При применении базовых теорий региональной экономики для изучения причин неоднородности экономического развития российского Севера необходимо учитывать эмпирический характер современных теорий региональной экономики. Основная их масса была разработана в середине прошлого века западными учеными-регионалистами, базируясь на опыте развитых стран. Между тем существенные различия условий, в которых происходило развитие развитых стран и Севера России, не всегда позволяют использовать ту или иную теорию полностью.

На сегодняшний день существуют три альтернативных подхода к объяснению причин пространственной неоднородности экономического развития.
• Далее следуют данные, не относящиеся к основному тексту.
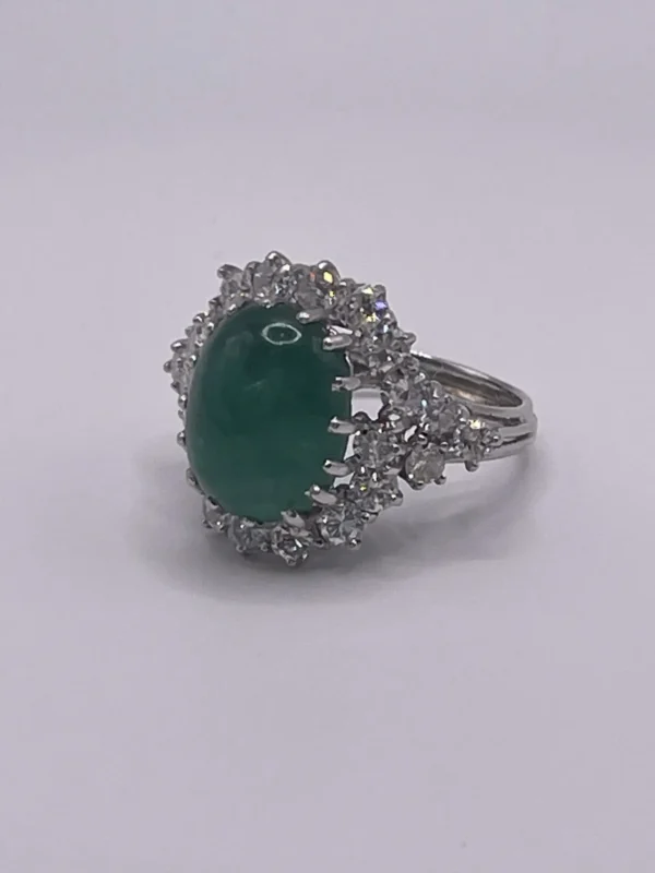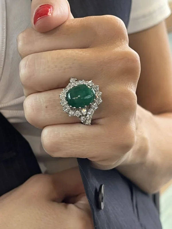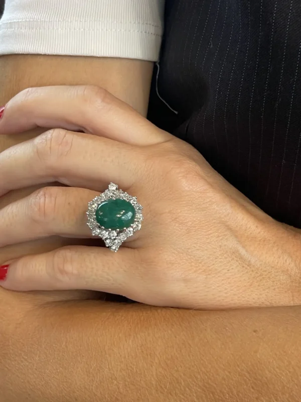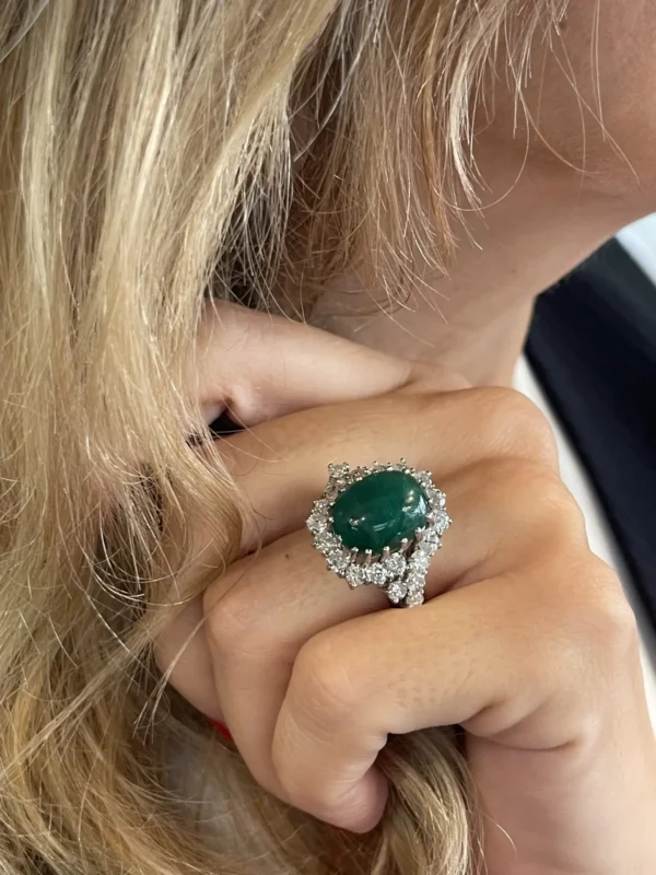 Sortija de oro blanco con esmeralda y brillantes de precioso color. Para ensalzar la esmeralda colombiana, se ha jugado con diamantes medianos de extraordinaria calidad.

Первый подход отражен в моделях центра-периферии и совокупной причинной обусловленности, берущих начало из экспортно-ориентированной модели регионального экономического роста.

Экспортно-ориентированная модель регионального экономического роста основным источником регионального экономического развития рассматривает ресурсную обеспеченность региона, предопределяющую его возможности поставлять продукцию на экспорт:

”Развитие региона начинается с так называемого «спускового механизма экономического роста», такого как открытие месторождений полезных ископаемых или с выведения новой продовольственной культуры для экспорта. Рост реальной заработной платы и высокая рентабельность капитала способствуют агломерации экспортных отраслей и их концентрации на одной территории для получения выгоды от эффекта масштаба. В результате роста регионального продукта повышаются производительность труда и рентабельность капитала. Замедление темпов экономического роста может объясняться неадекватными производственными мощностями или ухудшением экономической конъюнктуры на внешних рынках и ростом издержек” (Richardson, Townroe, 1986).
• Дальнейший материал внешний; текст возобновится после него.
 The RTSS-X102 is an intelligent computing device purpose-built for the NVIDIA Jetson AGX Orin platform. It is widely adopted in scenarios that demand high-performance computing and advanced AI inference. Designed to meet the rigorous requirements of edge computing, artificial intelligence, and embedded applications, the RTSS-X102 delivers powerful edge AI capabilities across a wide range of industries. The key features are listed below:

Под ресурсной обеспеченностью региона в краткосрочном периоде понимаются запасы природных ресурсов, которые требуются национальной экономике для удовлетворения потребительского спроса на национальном и мировом рынках. Понятие «ресурсная обеспеченность» является изменяющейся концепцией, тесно связанной с динамикой экономического роста. Ресурсная обеспеченность региона определяется, с одной стороны, спросом на конечные товары, производимыми из региональных ресурсов, предпочтениями покупателей и распределением доходов, международной торговлей, и, с другой стороны, текущей организацией и технологией производства.

Причинами неоднородности в рамках теории экспортного развития региона, таким образом, считаются различные уровни ресурсной обеспеченности регионов. Различные виды ресурсов обладают различной эластичностью доходов. Так, сравнивая аграрные и минеральные ресурсы, Перлоф и Винго (Perloff, Wingo, 1961) делают вывод, что регионы с обеспеченностью минеральными ресурсами обладают большим потенциалом для экономического роста, нежели аграрные регионы.

Разработка минеральной базы региона чаще всего осуществляется посредством внешних финансовых ресурсов. Это означает, что прибыли не остаются в регионе, а выходят за его пределы. Учитывая исчерпаемость минеральных ресурсов региона и капиталоемкость добывающих производств, такого рода экономическое развитие имеет краткосрочный характер и отличается узкой специализацией производственной базы региона. Не каждое добывающее производство нуждается в сопутствующих отраслях, в то время как именно их развитие может дать региону необходимую диверсификацию промышленности. Одним из главных стимулов экономического роста является открытие в регионе помимо добывающего еще и перерабатывающего и конечного производства (иными словами, полного производственного цикла).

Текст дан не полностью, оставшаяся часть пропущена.